Israel kills Hezbollah media chief – AP
The IDF issued no evacuation order before carrying out the strike that took out Mohammed Afif in central Beirut
Hezbollah spokesman Mohammed Afif has been killed in an Israeli airstrike on Beirut, a member of the Lebanese paramilitary group has told the Associated Press. The Israel Defense Forces (IDF) has not commented on the strike.
Israeli jets struck central Beirut without warning on Sunday, killing multiple people at a local office of the Syrian Ba’ath Party. Afif was among the dead, a Hezbollah official told AP.
The strike took place near a busy intersection, and an AP reporter on the scene counted at least four bodies in the street afterwards.
The IDF did not respond to requests for comment from Israeli or international media outlets. Neither did the IDF issue an evacuation order before the attack, as it sometimes does before striking densely-populated areas.
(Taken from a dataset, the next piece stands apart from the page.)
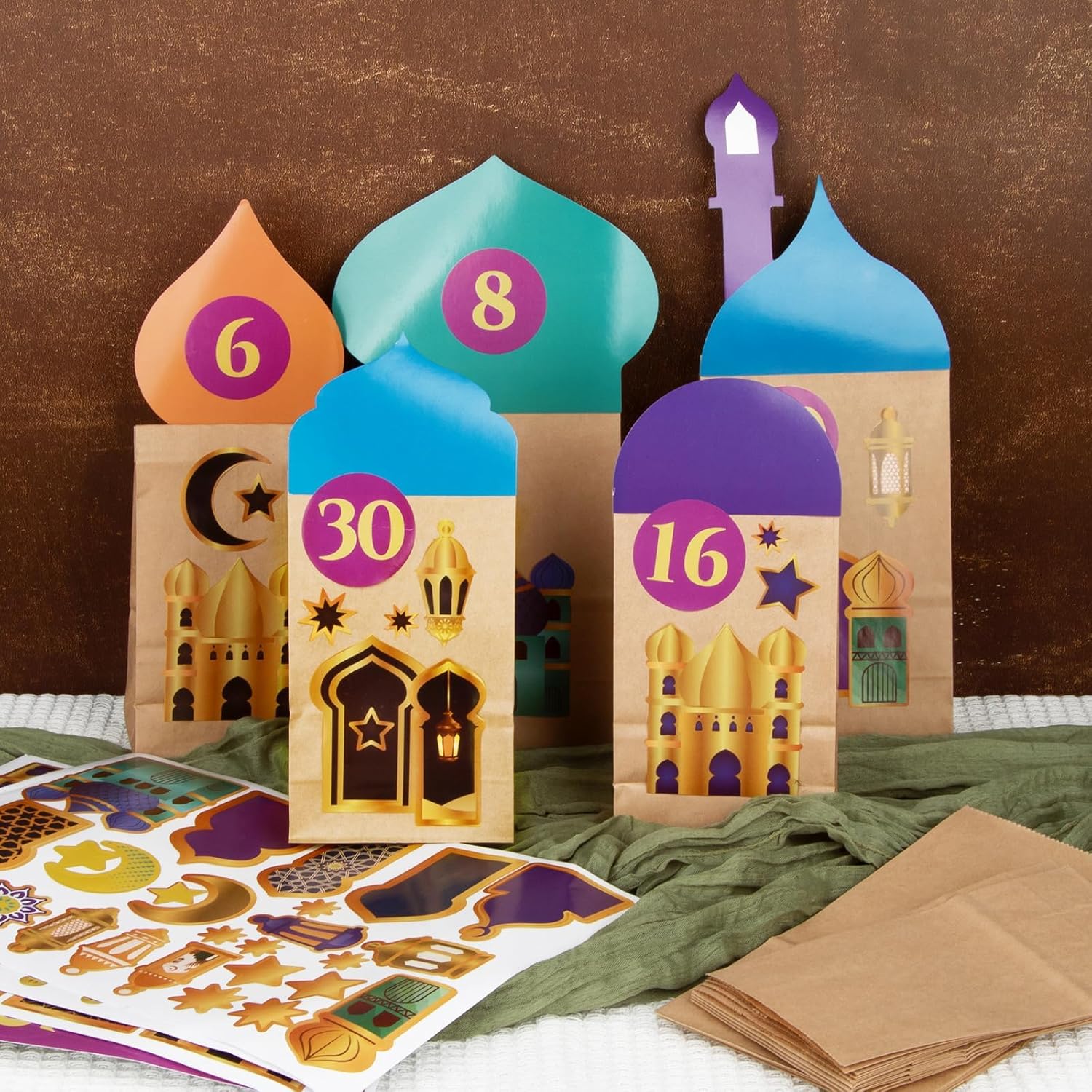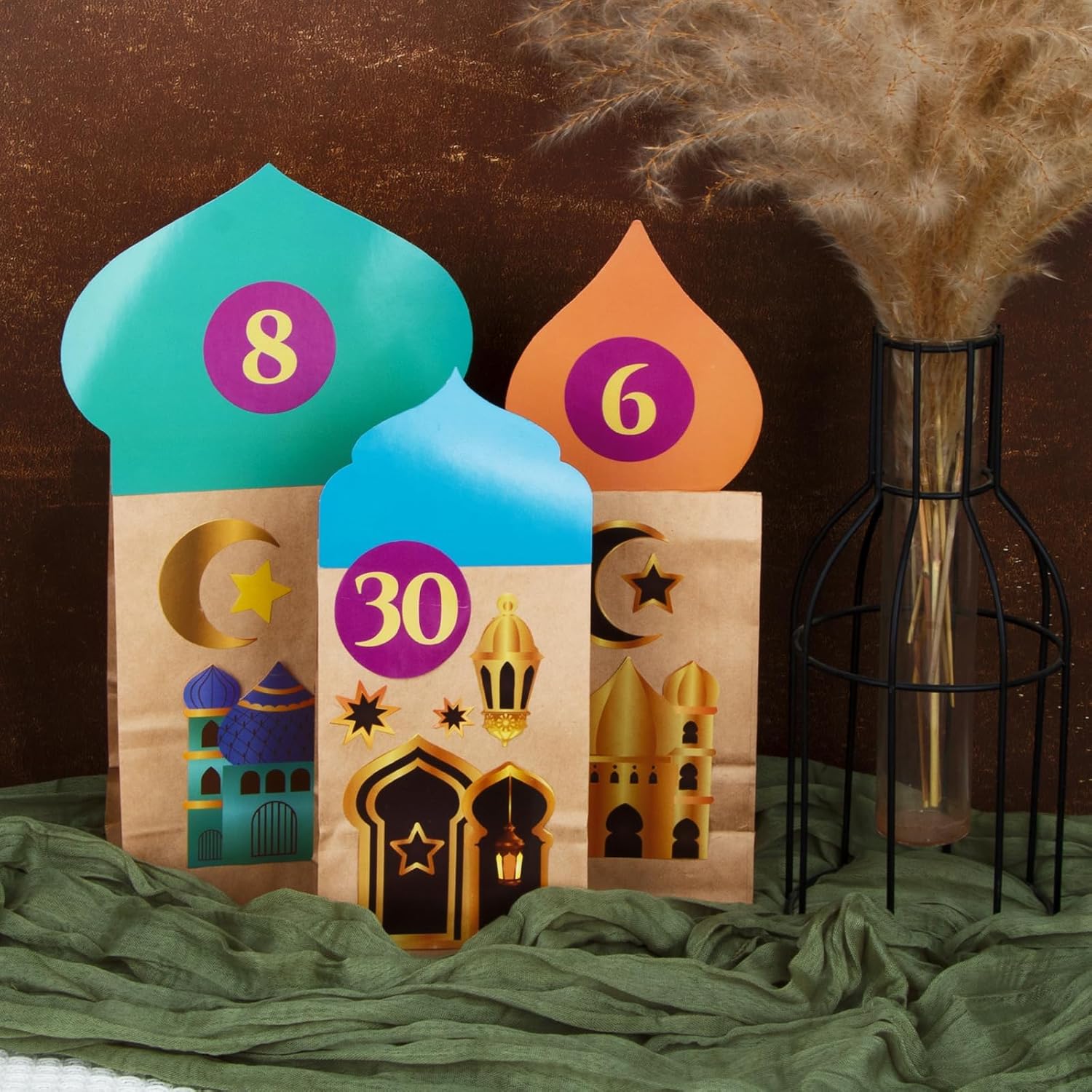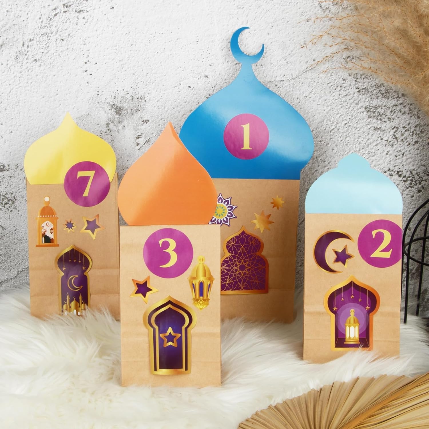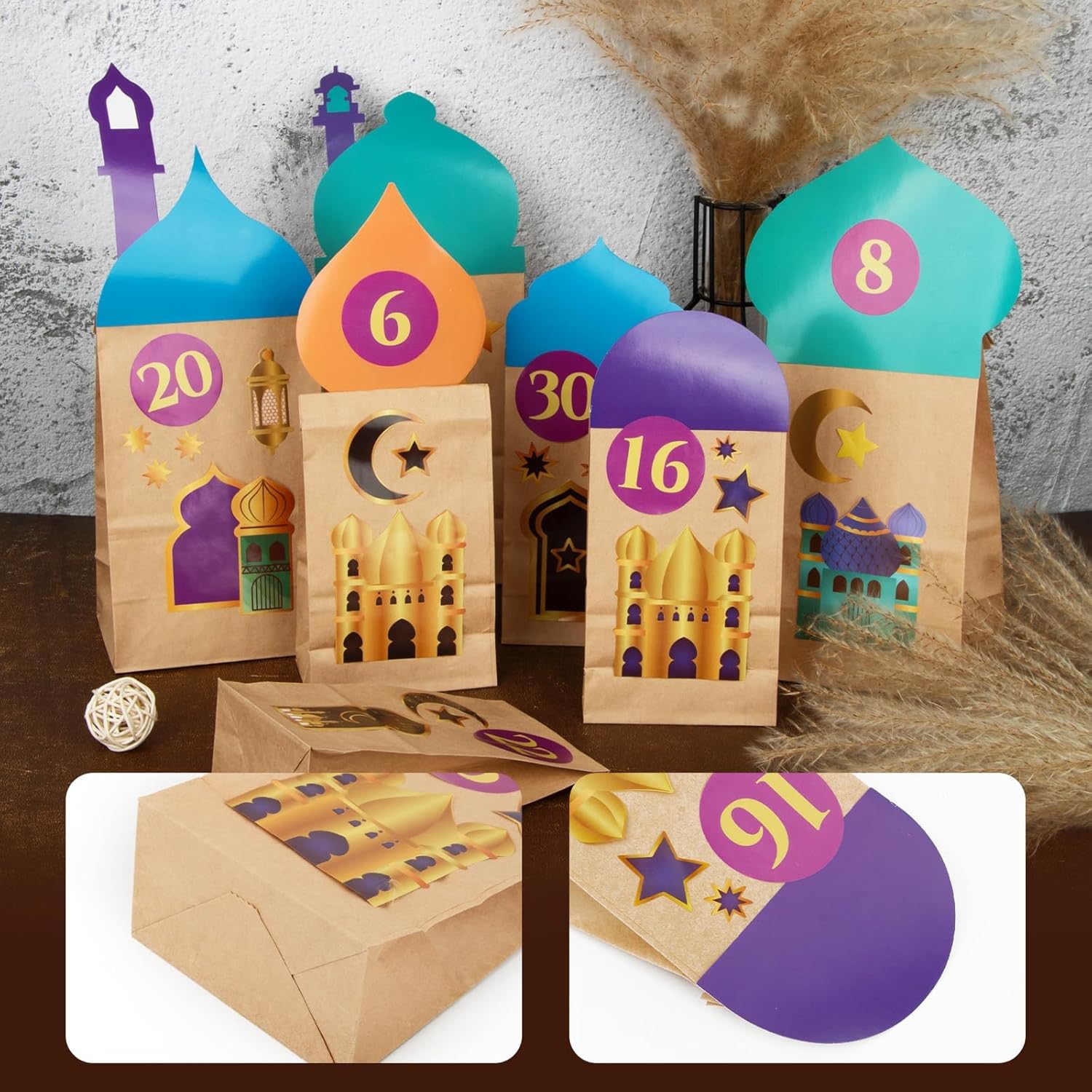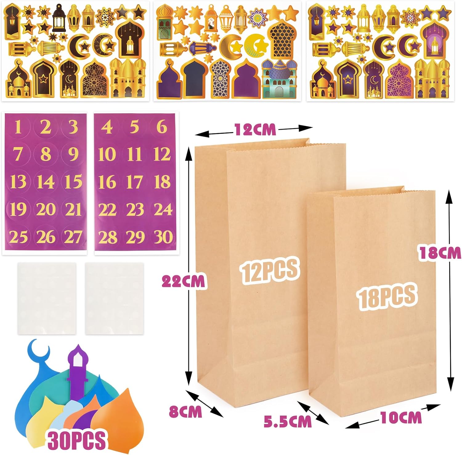 Contenuto della confezione: 30 calendari Ramadan da riempire + 30 adesivi con numeri 1-30 + 30 biglietti Ramadan + 3 adesivi Ramadan + 2 adesivi biadesivi. Materiale: utilizzo di carta di alta qualità. Dimensioni: la dimensione è 22×12×8 cm, 18×10×5,5 cm. Una meravigliosa idea regalo tradizionale per bambini e adulti. Decorazione perfetta per calendario Ramadan, sacchetti regalo Ramadan, sacchetti di carta, sacchetti di caramelle, feste, ecc.

Afif ran Hezbollah’s Al-Manar TV station for years before taking over as the group’s spokesman. He delivered regular press conferences from the bombed-out ruins of Beirut’s Dahiyeh neighborhood following the Israeli assassination of Hezbollah leader Hassan Nasrallah in September, and issued a statement taking responsibility for a drone attack on Israeli Prime Minister Benjamin Netanyahu’s residence the following month.
Afif is the latest in a long line of senior Hezbollah officials killed by Israel since the IDF began striking Beirut in mid-September. Israeli ground troops pushed into southern Lebanon in early October, although Hezbollah fighters have put up stiff resistance, with Afif declaring last week that the group was preparing to wage a “long war” against Israeli forces.
The IDF has confirmed the deaths of nearly 50 of its soldiers in the ground operation, although Hezbollah claims that the true body count is far higher.
More than 3,400 people have been killed in Lebanon since the airstrikes began in September, according to the country’s health ministry. This figure does not differentiate between civilians and Hezbollah militants.
Israel carried out a separate wave of airstrikes in Dahiyeh earlier on Sunday. Unlike the strike in central Beirut, the IDF issued an evacuation order before attacking Dahiyeh, a suburb on the south side of the Lebanese capital and a traditional stronghold of Hezbollah. The IDF claims to have hit at least 50 Hezbollah sites in the area over the last week.